Maybe these are areas that PD set and can not be fully changed in settings so as not to set the suspension too low. As we know in real life you can certainly set up the suspension too low and drag all kinds of car parts on the track.

So without sparks I can not tell if the car is dragging on the track or bottoming out the suspension.

Probably not the answers your looking for but maybe a little insight.
 
I dont think sparks tell you when your bottoming out, some cars did it all the time, others never and they were equally low... i think its super hard to tell in GT games simply because you cant feel it with your ass, just dont lower the car too much and if your spring rate is too low youll notice the front dive and hit the road, i would imagine that would tell you its a little to soft up front, just watch replays and see if the suspension is compressing too much..
 
The only way youre gonna be able to "feel" the suspension bottoming out or feel a hard landing is if if they build in the appropriate head motions/movement to simulate it.
 
Bottoming out is two things, hitting the road, which won't happen in road cars only race cars.
The other is running out of spring travel,which is most likely this is difficult to read. Raising the ride height and testing the grip in hard turns, is the only way, I guess.
If the car continues to understeer, it's probably not bottoming out. No change possibly means the car is at it's potential unless you can harden the spring.
If you gain some front grip, then it probably was bottoming out.
You will have to lift the car the same amount front and rear, from your current settings to get a true result from this test.

Good luck:tup:
 
If there are no sparks and/or no understeer does that mean that in GT5P we can drop any car to its lowest setting available and reap the benifits at least until GT5 comes out? No "bottoming out" in prologue? I am confused.
 
Bottoming out? What does this mean?

See two posts above yours.

You can run really low in 5P, but there's not always a laptime benefit.
Also you need some ride height to deal with bumps, both on the track (turn 1 @ DRC) and the curbs.
 
I remember in GT4 if my car was too low and stiff, it would bounce up and down after going over some grass or a really high apex. I would take that as "bottoming-out" and soften it up a bit.
 
Not a pro tuner, but I like playing around nevertheless. I think you can feel bottoming out (I am only referring to the cars suspension-travel reaching the limit) by paying very close attention to your forcefeedback (given you are using a wheel) and the cars balance.

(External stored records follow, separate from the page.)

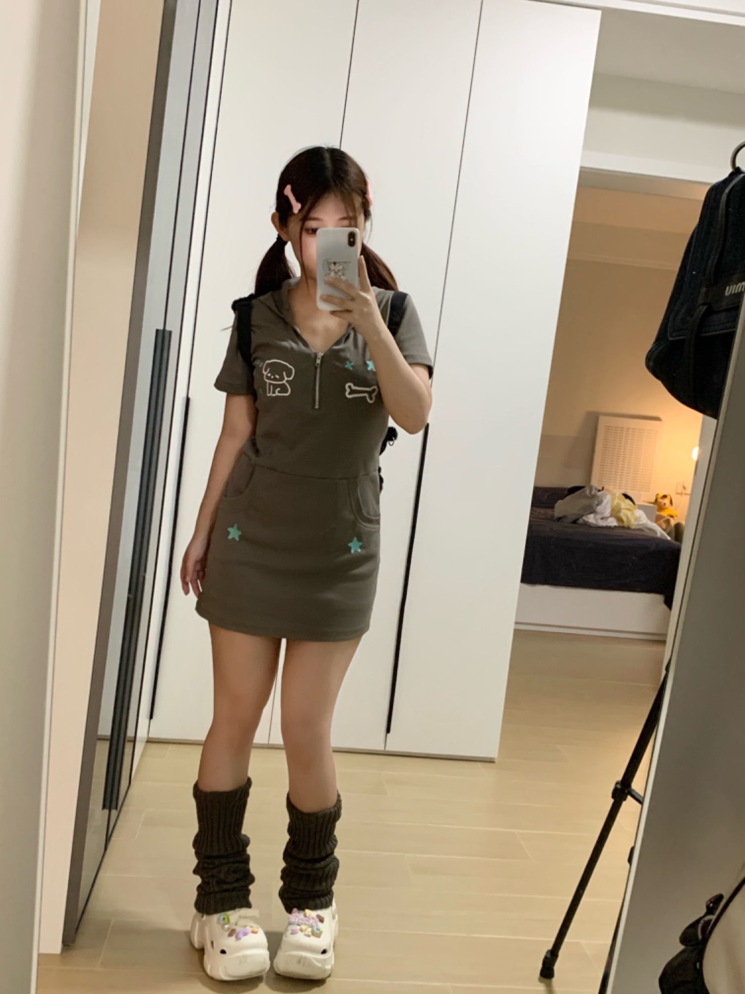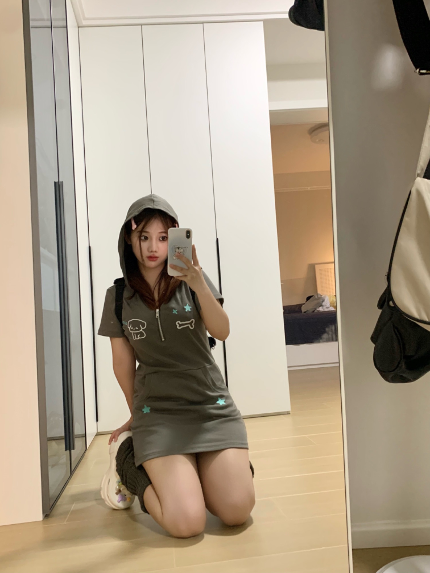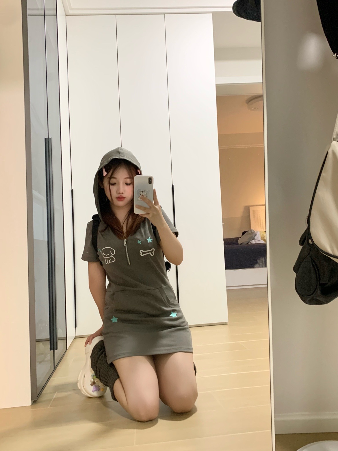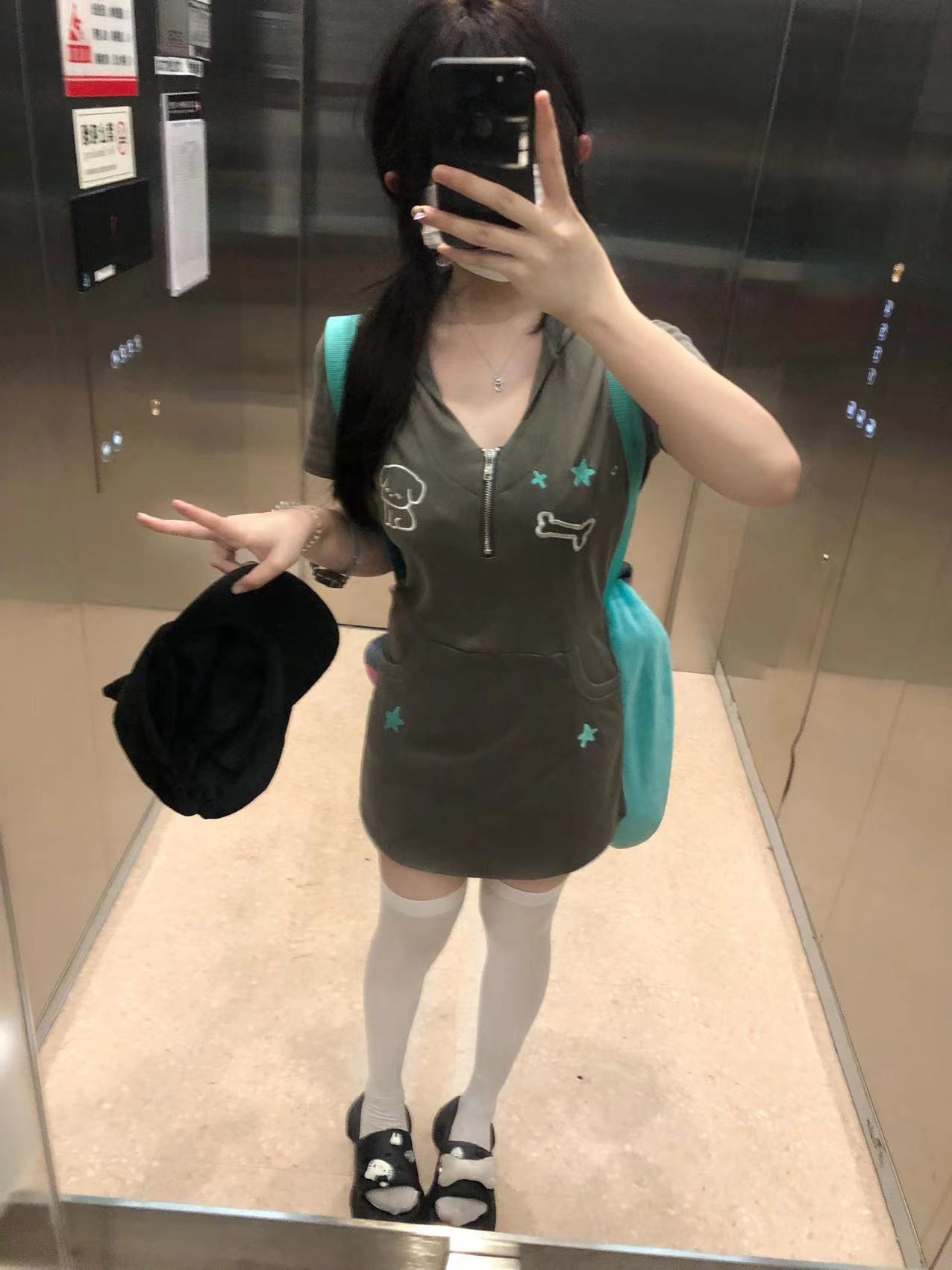 梨屋pearhouse 原創 星星刺繡連帽洋裝亞文化可愛廢土風新款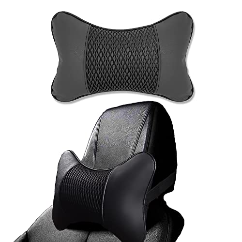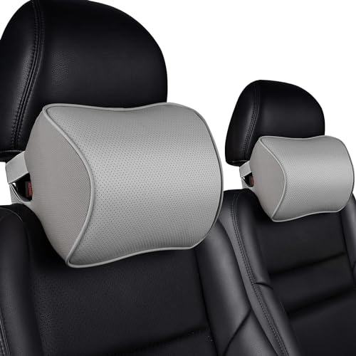 au-kee Minnesskum bil nackkudde mjukt läder bil nackstöd för körning hem kontor grå (förpackning med 2)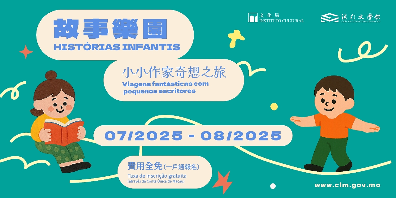 “故事乐园──小小作家奇想之旅”将于7月5日至8月9日期间逢星期六下午3时至5时在澳门文学馆举行,对象为4至7岁的儿童,需由一位家长陪同参与。每场活动以不同的儿童文学故事作为主轴,导师透过生动有趣的方式演绎作品内容,配合趣味小游戏及互动环节,让参加者畅游精彩的故事世界;活动亦设有主题相关写作练习,在轻松愉快的氛围中启发孩子的想像力与表达能力,把天马行空的想法化为文字,与家长一同享受创作乐趣。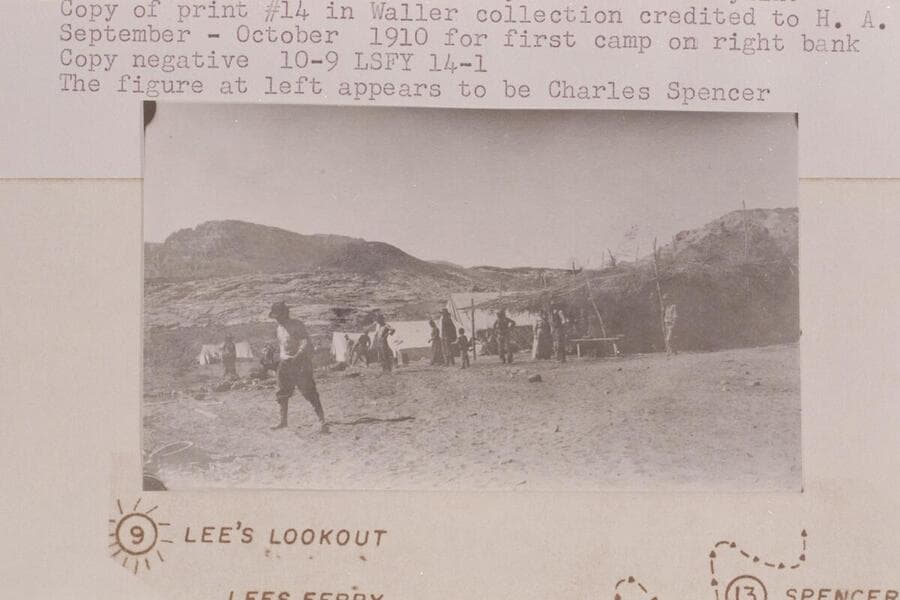 Lees Ferry. The fort and tents, lower center. From Charles Spencer collection, p.57, lower left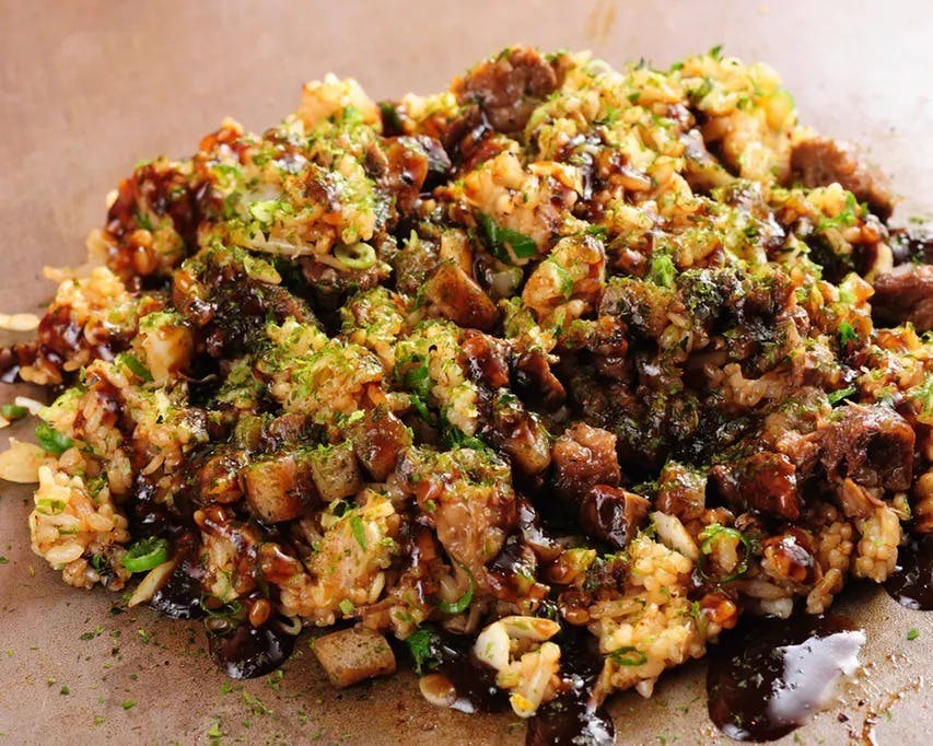 私たちのお好み焼き・焼きそば・鉄板焼きの原点は、長田であります。戦後から続く下町の味をベースにしながら、素材は、地産地消をモットーとし、兵庫県及び瀬戸内近海のものを使用しております。そして伝統の作り方へのこだわりはもちろん、新たな長田のお好み焼き・鉄板焼の提案もしております。例えば「ぼっかけそばめし」は食べる直前に「ぼかっけ」を小鍋から、商品へかけるスタイルをとっておりますが、それを日本で初めて行ったのは当店です。また屋台で「そばめし」を日本で初めて提供したのも当店です。そのほか、ホル玉そば、ネギシソ焼き、ステーキそばめしなどオリジナルの商品を次々と開発し、提供しております。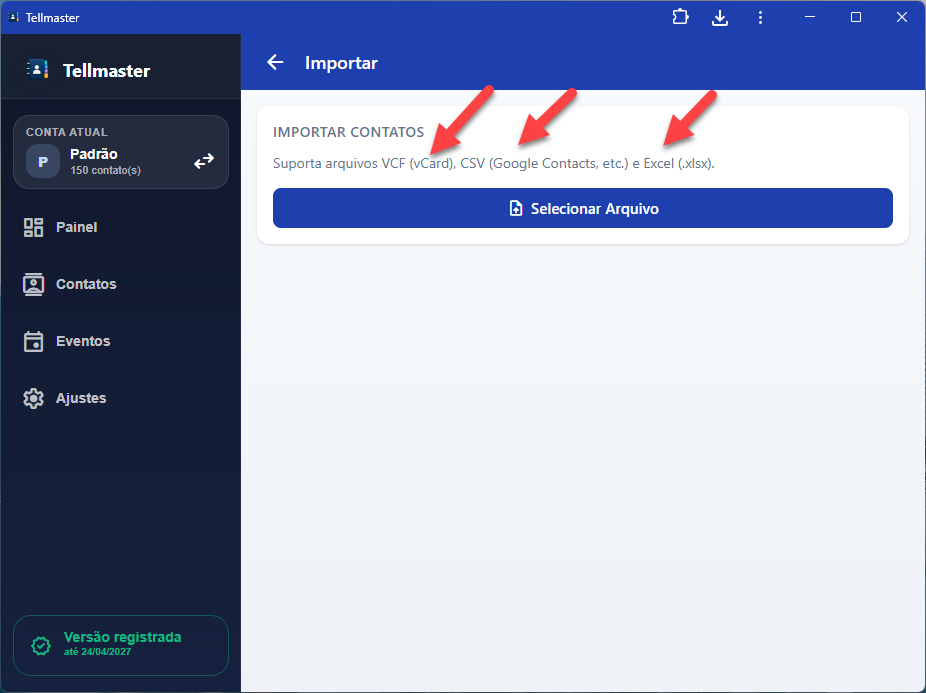 - Importe contatos facilmente da agenda de seu celular ou de arquivos do Excel, VCF, CSV;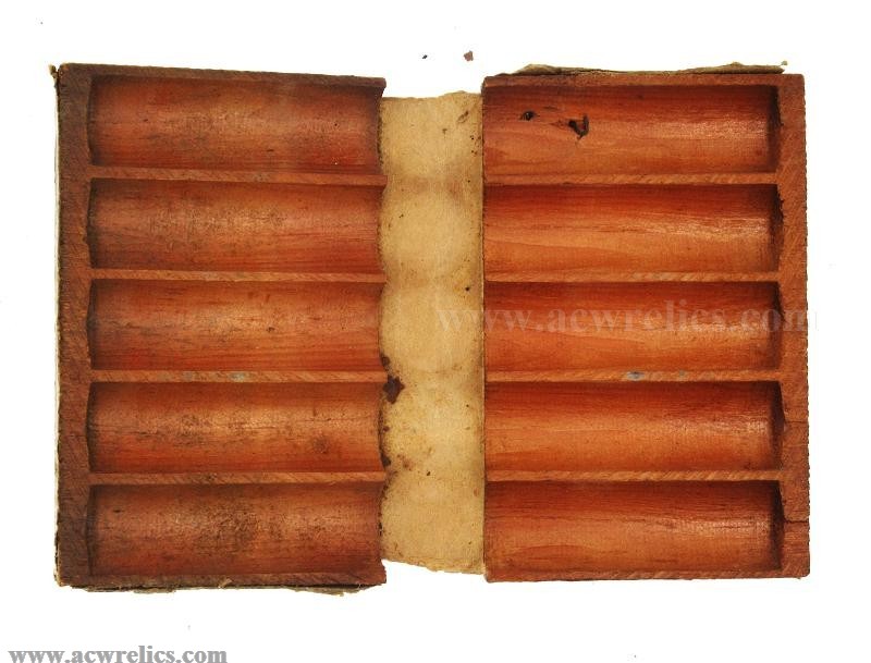 Description: Very rare empty box for the .60 or 20 gauge Colt Revolving Shotgun. This style of box uses a split wooden block which was used 1860+. These boxes are relatively scarce when you think about how many revolving shotguns were manufactured. This example has No. 8 shot as stated on the label. There are other examples out there marked for buckshot in a few sizes. The paper label is intact on the front, top, and back, with some remaining on the other sides. You can open the packet up to see the drilled wooden block on the inside. A very rare and scarce Civil War era packet. The label reads as follows: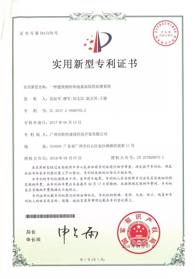 2018年9月7日由中華人民共和國國家知識產(chǎn)權(quán)局授予專利權(quán)(專利號ZL201720696765.2)。本實用新型提供一種建筑物特殊地基加固的處理系統(tǒng),當(dāng)壓樁過程中遇到砂石、孤石時,樁無法下沉?xí)r,本實用新型采用鋼管樁底開口,并加裝振動設(shè)備的改進(jìn)方式,通過振動設(shè)備對砂石、孤石破碎,使鋼管樁順利下沉。同時鋼管樁壁設(shè)有若干通孔,通孔用于鋼管樁向周邊土體灌漿加固。本實用新型提供了一種建筑物特殊地基加固的處理系統(tǒng),主要解決由于壓樁過程中通常會遇到砂石、孤石,壓樁無法下沉。

To experiment: set a car's suspension and damping as soft as possible and the right hight up. Run over curbs, see how the steering feels and whether the car gets upset (it shouldn't really). Now drop the car massively but keep the suspension soft. You should now feel the ff kick in harshly as you rumble over curbs, the car might also kick out of balance. IMO THAT tells you you are going over the suspensions limit and thus bottoming out.

To the tuning now: drop the car so much to reduce weight shift as much as necessary, depending on car of choice, then increase the strengh of the suspension just enough so the car just doesn't bottom out anymore. That should (theoretically) give you an ideal compromise between handling and grip)

PS: I'm not the fastest around here, so this is just my opinion and what I do, but maybe it does help you a bit with your question.